Overview
Sickle cell disease (SCD) is the most frequent life-threatening genetic hemoglobinopathy in the world and occurs due to the synthesis of abnormal hemoglobin S (HbS).Cells with sickle cell hemoglobin are stiff and sticky. When they lose their oxygen, they form into the shape of a sickle or crescent. This can cause pain and tissue damage. Significant decrease in exercise capacity was seen in sickle cell anemic children. In the absence of a guidelines that can guide the prescription of exercise in SCD children. This study is a step for determine the forms of prescription of pain on the balance and muscle strength to build up in future studies a safety of physical exercises for children with sickle cell anemia and improve their functional abilities.
Description
Sickle cell anemia is a serious life-limiting and potentially life-threatening condition that causes disruption in the lifestyle of the affected child. Pain is a common and severe symptom of sickle cell disease (SCD) and is the major reason that patients seek health care services. Some researchers supported the fact that an important impairment in balance control and muscle strength in children with sickle cell disease due to pressure pain tolerance problems and other factors. Significant decrease in exercise capacity was seen in sickle cell anemic children. The altered muscle function and balance observed in SCD children may collectively be the result of pressure pain tolerance impairment. As your physical fitness improves, your body becomes more efficient at getting oxygen into the bloodstream and transporting it to the working muscles. Along this observational correlational study design; Eighty children from both sexes will be participated in this study.
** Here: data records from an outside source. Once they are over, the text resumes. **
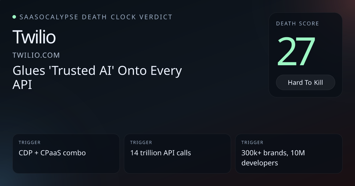 -4 Relative PlacementLower by a few points — Twilio's deep workflow ownership, scale, and enterprise locks outweigh marketing‑forward AI phrasing, so it's slightly less vulnerable than a 31 suggests.
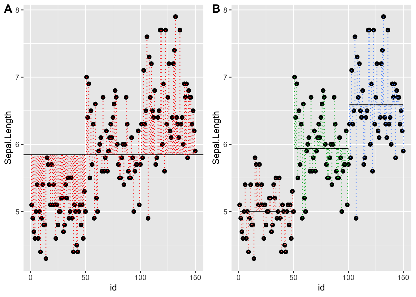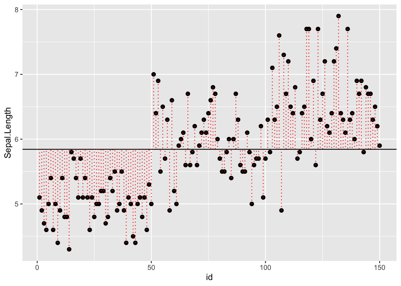 geom_segment( data=dat, aes( x = id, y = Sepal.Length, xend = id, yend = yhat), color="red", lty = 3)
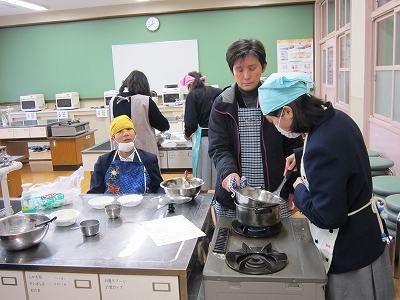 卵・牛乳をボールに入れて、バターを加えて混ぜ合わせました。

Forty normal healthy children will be selected from primary governmental schools at Alexandria governorate and forty children with sickle cell anemia will be selected from Alexandria University Students Hospitals For evaluation of muscle strength hand held dynamometer (Lafayette) is one of the best methods to detect the muscle strength. It is an ergonomic hand-held device for objectively quantifying muscle strength
Eligibility
Inclusion Criteria:
- Age range range was 9-14 years old.
- Could follow given instructions.
- Children with Sickle cell anemia were medically stable, and take their medications regularly.
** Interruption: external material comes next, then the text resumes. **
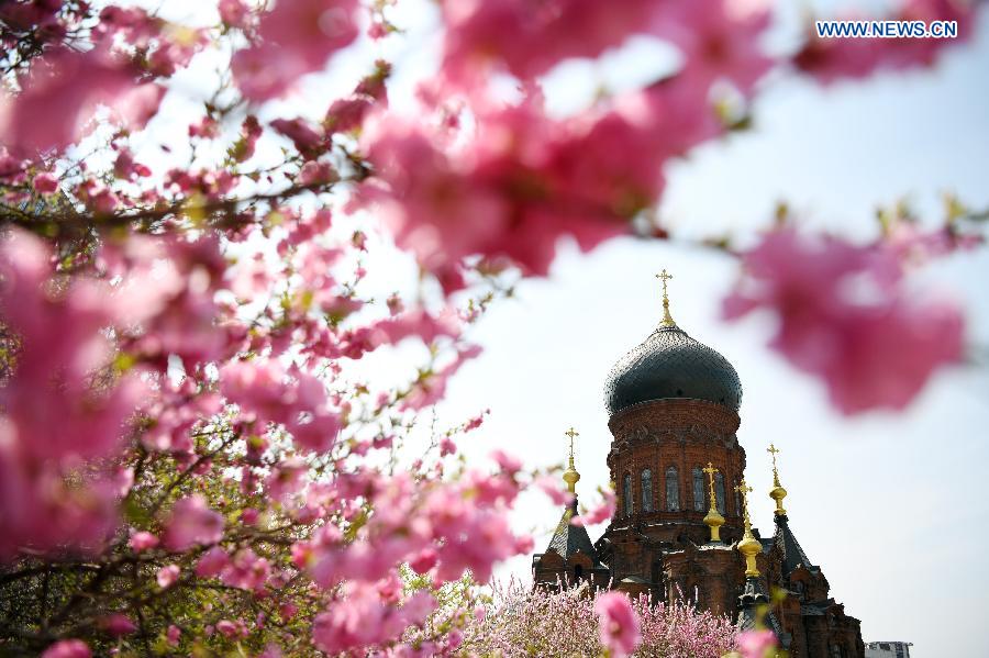 Flowers are seen against the backdrop of St. Sophia Cathedral, a former Russian Orthodox church and a perfect example of Neo-Byzantine architectures, in Harbin, capital of northeast China's Heilongjiang Province, April 29, 2016. (Xinhua/Wang Jianwei)

- Children with Sickle cell anemia had experience of chronic pain that lasts more than 6 months.
- All children with Sickle cell anemia have average weight, height, and body mass index based on their age percentiles.
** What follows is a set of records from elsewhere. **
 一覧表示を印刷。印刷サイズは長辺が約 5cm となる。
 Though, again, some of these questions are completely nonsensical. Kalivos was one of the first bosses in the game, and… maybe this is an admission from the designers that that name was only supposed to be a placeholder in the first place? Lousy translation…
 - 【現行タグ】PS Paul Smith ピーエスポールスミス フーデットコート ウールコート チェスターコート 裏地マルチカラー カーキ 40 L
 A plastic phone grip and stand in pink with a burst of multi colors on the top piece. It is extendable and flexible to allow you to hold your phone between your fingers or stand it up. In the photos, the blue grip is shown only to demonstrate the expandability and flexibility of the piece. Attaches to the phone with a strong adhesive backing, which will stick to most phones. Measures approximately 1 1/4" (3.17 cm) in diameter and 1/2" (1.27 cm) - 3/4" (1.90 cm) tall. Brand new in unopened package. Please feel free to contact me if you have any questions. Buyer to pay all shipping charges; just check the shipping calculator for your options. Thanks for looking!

- All normal healthy children did not participating in regular sport activities, particularly including lower limb strengthening.
Exclusion Criteria:
- Defined cardiovascular or respiratory disorders.
- Renal failure.
- Myocardial infarction, mainly within last month.
- Unstable angina.
- Recent thoracoabdominal surgery.
- Thoracic or abdominal aneurysm or current pneumothorax.
- Painful vaso-occlusive crises.
- Muscular contractures, Joints' stiffness, or deformities.
- Neuromuscular problems i.e., myositis or peripheral neuropathy.